谢谢大佬，问题已经解决，请问这个问题出现的原因是什么呢

winson_huang · June 7, 2022, 8:59am

负采样时使用的词频分布是用下采样之前的词频生成的，为什么不用下采样之后的词频生成这个分布？

Xia_Wei · September 18, 2022, 1:53am

负采样的时候应该尽可能选一个高频词，因为一个高频词是负例比一个稀有词是负例更常见、更重要。而下采样是剔除了高频词，和负采样略微冲突。

mollysadventure · November 1, 2022, 1:08pm

一开始 AttributeError: module ‘d2l.torch’ has no attribute ‘show_list_len_pair_hist’ 更新d2l至d2l 1.0.0a0 以后
AttributeError: module ‘d2l.torch’ has no attribute d2l.count_corpus了肿么办呀
快点看到我哦！在线等挺急的拜托拜托

xiaotinghe · November 1, 2022, 1:42pm

pip install d2l==0.17.5 -I
这样行不行？

charlesgao2101024 · March 8, 2023, 11:21am

tiny_dataset = [list(range(7)), list(range(7, 10))]
print('数据集', tiny_dataset)
for center, context in zip(*get_centers_and_contexts(tiny_dataset, 2)):
    print('中心词', center, '的上下文词是', context)
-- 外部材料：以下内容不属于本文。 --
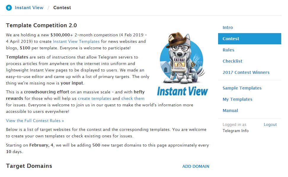 На сайте конкурса шаблонов Instant View появилась возможность добавления своих доменов для дальнейшей настройки (кнопка «ADD DOMAIN»).
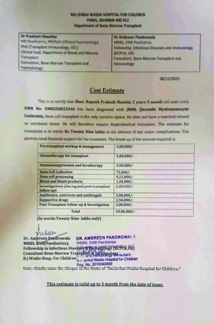 Master Rupesh Prakash Mandal is battling against Juvenile Myelomonocytic Leukemia, and the situation is critical. He is currently admitted at the Bai Jerbai Wadia Hospital for Children, Mumbai, under the care of Dr Ambreen Pandrowala. Rupesh desperately needs a Stem cell transplant to survive, which costs around Rs. 29,00,000/-(Twenty Nine Lakh Only). At just 2.9 years old, he is battling with such a serious illness. Also, the family is very poor and survives on the daily wages of his father. This is a very helpless situation for the family. Along with the treatment, the doctors have also advised supportive care, blood products, hospitalisations, and investigations.

我想知道这段代码的运行结果中为什么0的上下文词不是[1, 2]

faye · March 23, 2023, 3:26am

这个function在第RNN那一章text preprocessing。你跑一次它就存在d2l里里

heavenkiller2018 · May 3, 2023, 12:16am

中心词和上下文词的提取时, 随机采样1到max_window_size之间的整数作为上下文窗口, 为什么不直接用max_window_size而要用随机❓用随机是基于什么原理和考虑?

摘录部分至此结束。